IPEC built a penstock along Gunnuk Creek to carry water from an existing water supply dam to the newly-constructed powerhouse, almost a half mile away. It will also provide an additional water supply to the newly revived Gunnuk Creek hatchery. (Photo provided by Jodi Mitchell/IPEC)

A new hydroelectric plant in Kake means the Kupreanof Island village will no longer have to rely solely on diesel generators for its electricity. The multi-million dollar Gunnuk Creek hydro project came online earlier this fall, and its proponents hope it will lower the cost of energy and bring the remote community one step closer to energy independence.

Residents of Kake have been experiencing intermittent power outages this fall as the Gunnuk Creek plant comes online. That’s all part of normal growing pains, says Jodi Mitchell, the CEO and General Manager of the Inside Passage Electric Cooperative, or IPEC. The nonprofit provides electricity to a handful of Southeast Alaska towns.

“When you build a new generation project in a remote village, you don’t just turn it on like you just plug in a new appliance,” Mitchell said. “You have to do a lot of adjustments and tweaking, basically to optimize the hydro output and minimize the diesel output.”

Aside from a small solar project, Kake relies on diesel generators for electricity. Since the Gunnuk Creek hydro project was turned on in September, it’s saved the town 2,500 gallons of diesel fuel. IPEC will still rely on diesel generators during dry times and as a back-up source of electricity. But Mitchell said that at a minimum, the plant will cut diesel consumption in half over time. And hopefully that will translate to a reduction in rates.

“The less fuel we have to consume, that’s the savings that gets passed onto the customer,” she said.

A quest for more affordable energy is at the heart of Kake’s exploration of renewables like solar, biomass heating and now hydro. The cost of living in rural Alaska is high, and residential electricity rates in Kake are more than double the national average.
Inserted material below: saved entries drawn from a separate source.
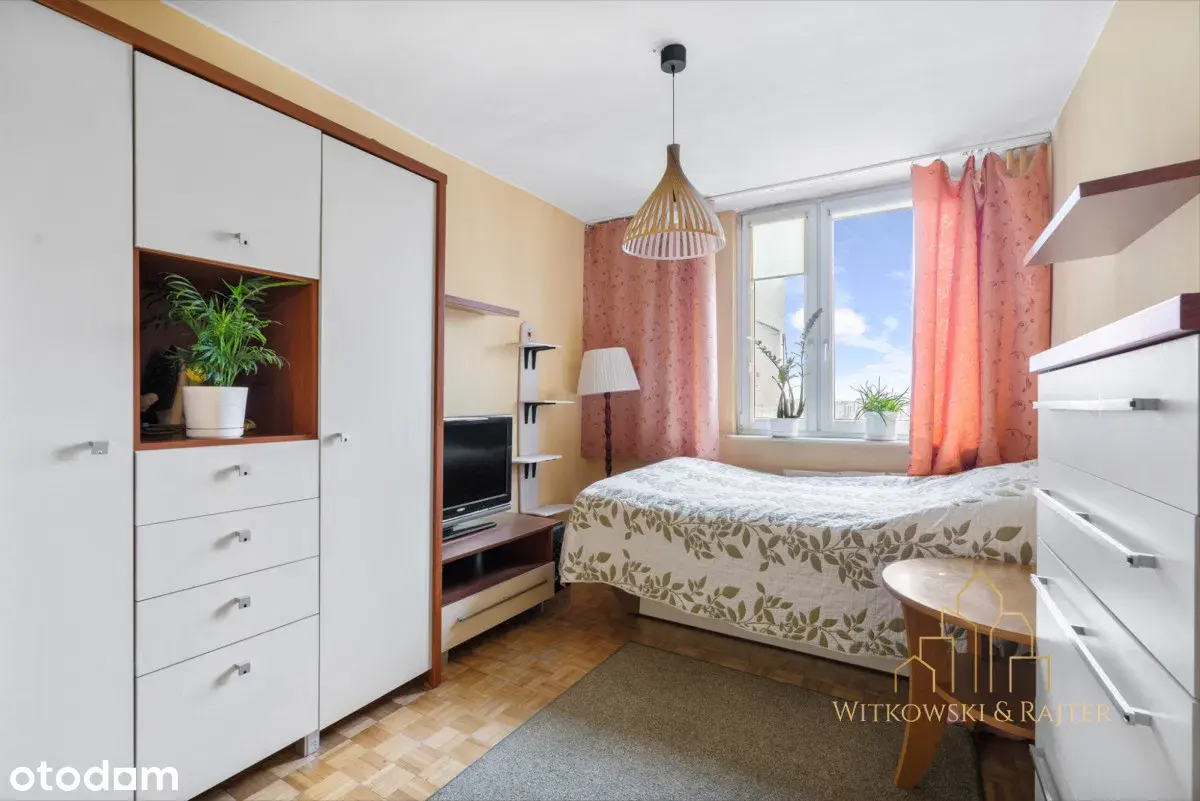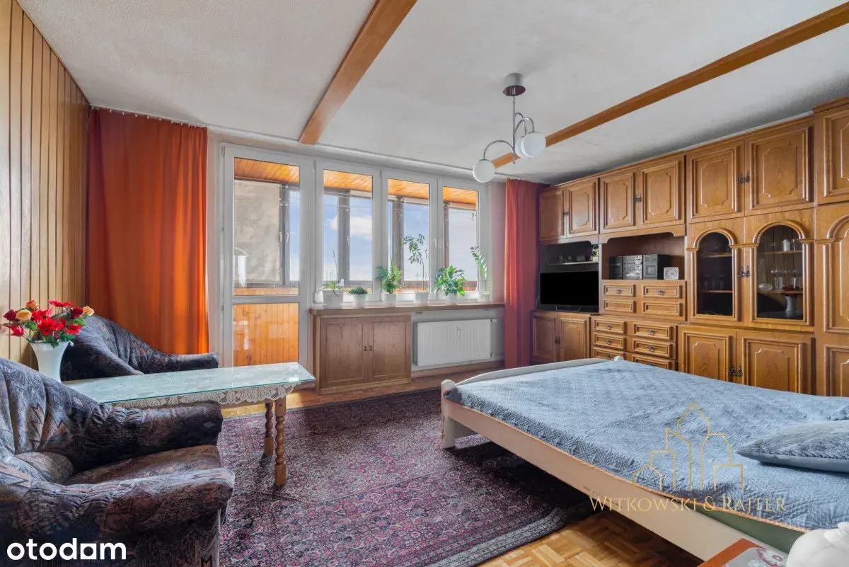 Mieszkanie 60,3 m² w pełnym rozkładzie – każde pomieszczenie z wejściem z przedpokoju. 12 piętro w 15-piętrowym budynku z dwiema nowymi windami. Układ: salon z wyjściem na zabudowaną loggię, 2 sypialnie, widna kuchnia, łazienka, osobne WC. Dodatkowo zabudowany korytarz ok. 7 m² (dużo miejsca do przechowywania) oraz piwnica ok. 3,5 m². Mieszkanie do remontu, ale zadbane – okna PCV, nowe grzejniki, wymienione piony. Dwustronna ekspozycja – dobre doświetlenie. Budynek z lat 70., parking dla mieszkańców (szlaban). Stan prawny: spółdzielcze własnościowe bez KW, grunt nieuregulowany – tylko gotówka. Czynsz ok. 1400 zł + prąd i gaz.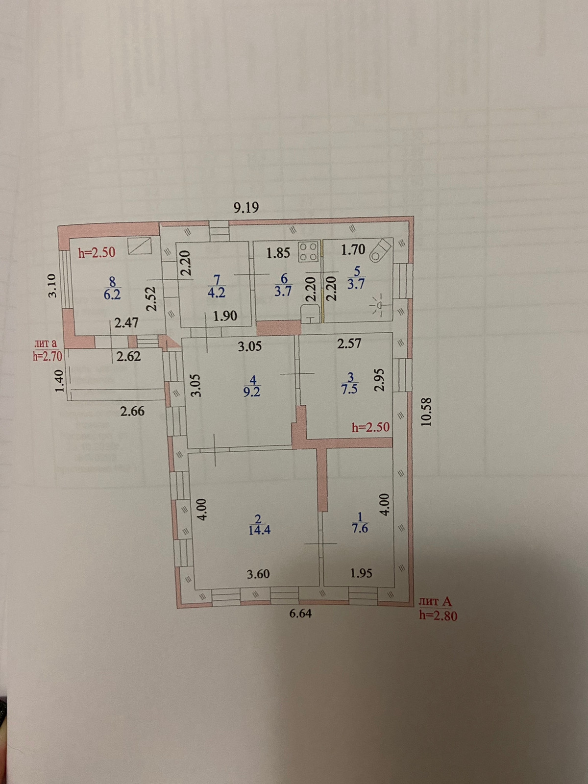 Общая площадь 61.9 м2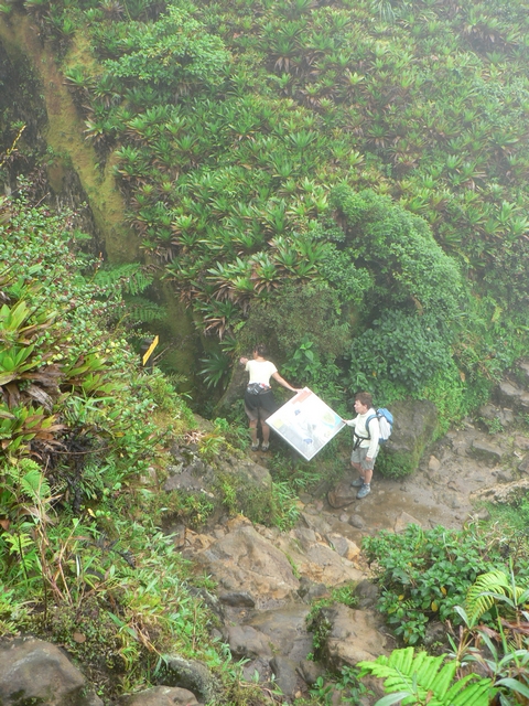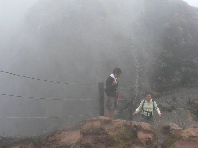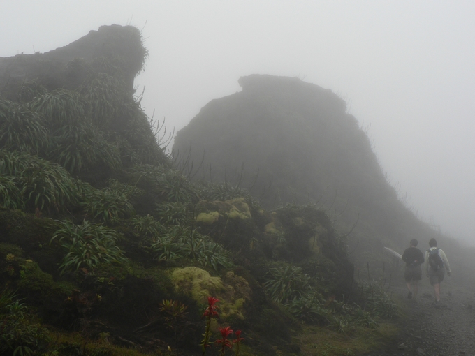 L'arrivée au sommet (non, non, nous n'avons pas eu de pluie, mais marcher dans les nuages produit une humidité certaine et dans ces conditions impossible de garder ses lunettes, ce qui rend l'atmosphère encore plus irréelle !)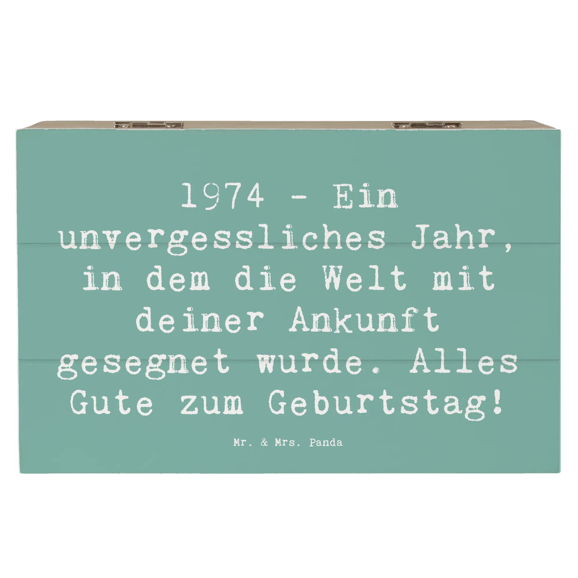 Die Holzkiste "1974 Geburtstag" von Mr. & Mrs. Panda ist das perfekte Geschenk für all jene, die in diesem besonderen Jahr das Licht der Welt erblickten. Diese liebevoll gestaltete Erinnerungskiste ist nicht nur ein einzigartiges Deko-Element, sondern auch ein wunderbarer Aufbewahrungsort für schätzbare Dinge, die das Leben in all seinen Facetten festhalten.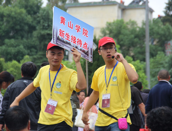 北区新生集中报到大厅、南区各学院报道点、新生接待引导站、青年志愿者服务台、食堂、宿舍……在校园内外的每一个迎新场所,都活跃着象杨勇这样的迎新志愿者,他们身着统一的迎新服装,带上醒目的小红帽,用热情的笑脸迎新每一位新生的到来。火车站、汽车站的志愿者们每天早上6点半准时到岗,举牌接站、维持秩序、安抚疲劳焦急的学生及家长、微笑引导进站上校车;校内迎新咨询台前的志愿者们则耐心细致地解答新生及家长的各类问题。迎新现场人流如潮,但随处可见志愿者们热情洋溢的青春笑脸,他们的身影一直在忙碌,一直在用微笑无声表达,给即将到来的新生营造温暖快乐、积极向上的大学氛围。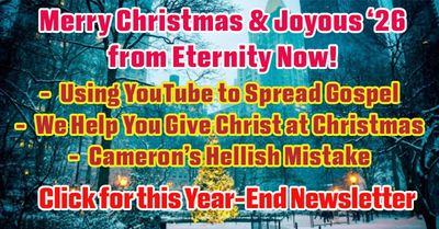 To round out the year, Eternity Now's newsletter discusses how we can STILL help you get a great Christmas gift, most Americans want more of Jesus' joybells, and Kirk Cameron goes on the broad way instead of narrow road regarding hell.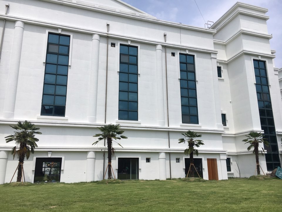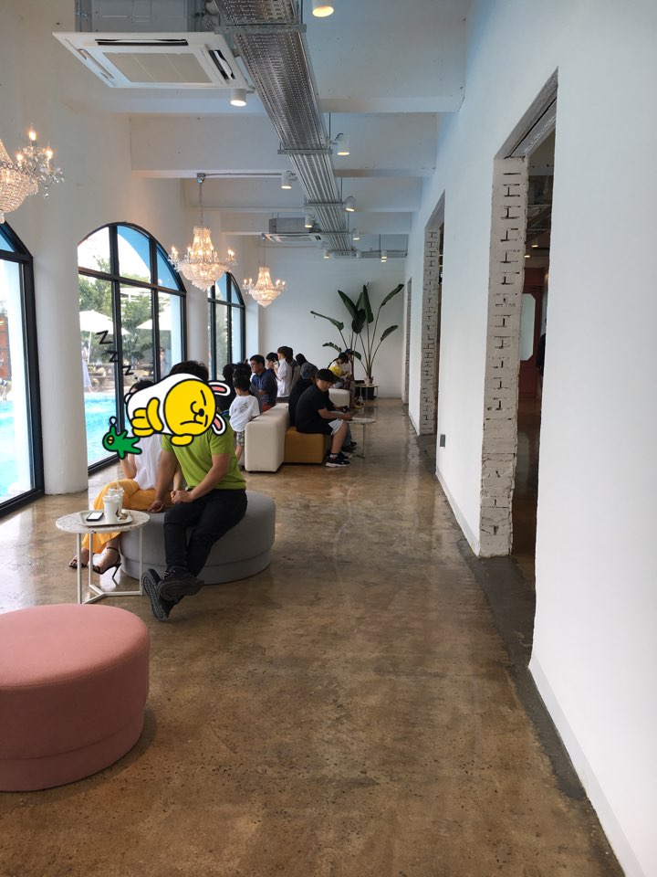 본관은 수영장을 바라보며 시원한 느낌으로 차를 마실 수 있는 공간이있고, 푸릇푸릇한 식물을 보며 시원하게 마실수있는 공간이 나뉘어있었습니다. 2층은 아직 공사 중이라 못 올라가 보지만... 건물 밖에서 봤을 때 하얀 그랜드 피아노가 보이더라고요.

“We’re paying too much for electricity and heating,” president of Kake’s tribal government, the Organized Village of Kake, Joel Jackson, said. He and other community leaders worked with IPEC during the project’s planning stages. “There’s no silver bullet that will sustain us off the grid. But I think using a couple different things as we move forward, will lessen the cost of living here.”

Whether this new plant will translate to lower rates is complicated for a variety of reasons. For one, IPEC’s rates are based on sales. The more electricity they sell, the lower their rates are, so if enough residents implement energy saving measures like installing LED lighting or energy-efficient appliances, their rates may actually go up. Also, because IPEC serves multiple communities, any savings from the hydro would be distributed throughout the region.

And residential customers benefit from something called power cost equalization, a state subsidy that helps offset the cost of energy. As IPEC’s costs go down, so do the state subsidies. But that program doesn’t include schools, businesses and churches, Mitchell says, so that could translate to lower prices for goods and services.

“The goal there is if we can reduce rates to those entities, they can provide more jobs. It will spur economic development in our communities,” Mitchell said.

IPEC paid for the bulk of the nearly $9 million project with state and federal grant funds. The dam was already in place, built by the Army Corps of Engineers in 2007 to help secure Kake’s water supply. IPEC constructed a penstock and a powerhouse, and Jackson expressed concern about the possible impact of this new construction on the salmon runs in Gunnuk Creek.

An aerial view of the Gunnuk Creek hydro penstock (Photo provided by Jodi Mitchell/IPEC).

“There’s always negative sides to things and of course, you know, it’s a fish stream, so I hope that don’t disturb the fish return in there,” he said.

The Alaska Department of Fish and Game conducted site visits as part of Gunnuk Creek’s permitting process, and their reports show limited-to-no impact on fish runs. Gunnuk Creek also supports a hatchery, and manager Ryan Schuman said the hydro plant will actually help them by providing additional sources of power and clean water.

“We have been working cooperatively with them throughout their project to provide help whenever we can,” he said. “On the other side of the coin, they have helped us with a great many things as we’ve been working to get our project up and online.”

IPEC’s Mitchell said the Gunnuk Creek project initially faced a healthy dose of skepticism in Kake, especially from people who still support a cross-island intertie to Petersburg’s electrical grid. And she says that could still happen in the future, but she doesn’t think the nearly $70 million for the project will be available anytime soon, since state and federal grant funds for renewable energy are harder to come by than in the past.

“I don’t see that there’s anything in the works that’s going to make the intertie project any easier or cheaper at this point,” she said.

Gunnuk Creek is one of around 20 hydro projects across Southeast Alaska.  It’s IPEC’s third hydroelectric project, and there’s a fourth in the works in Angoon.

Erin McKinstry is a Report for America corps member.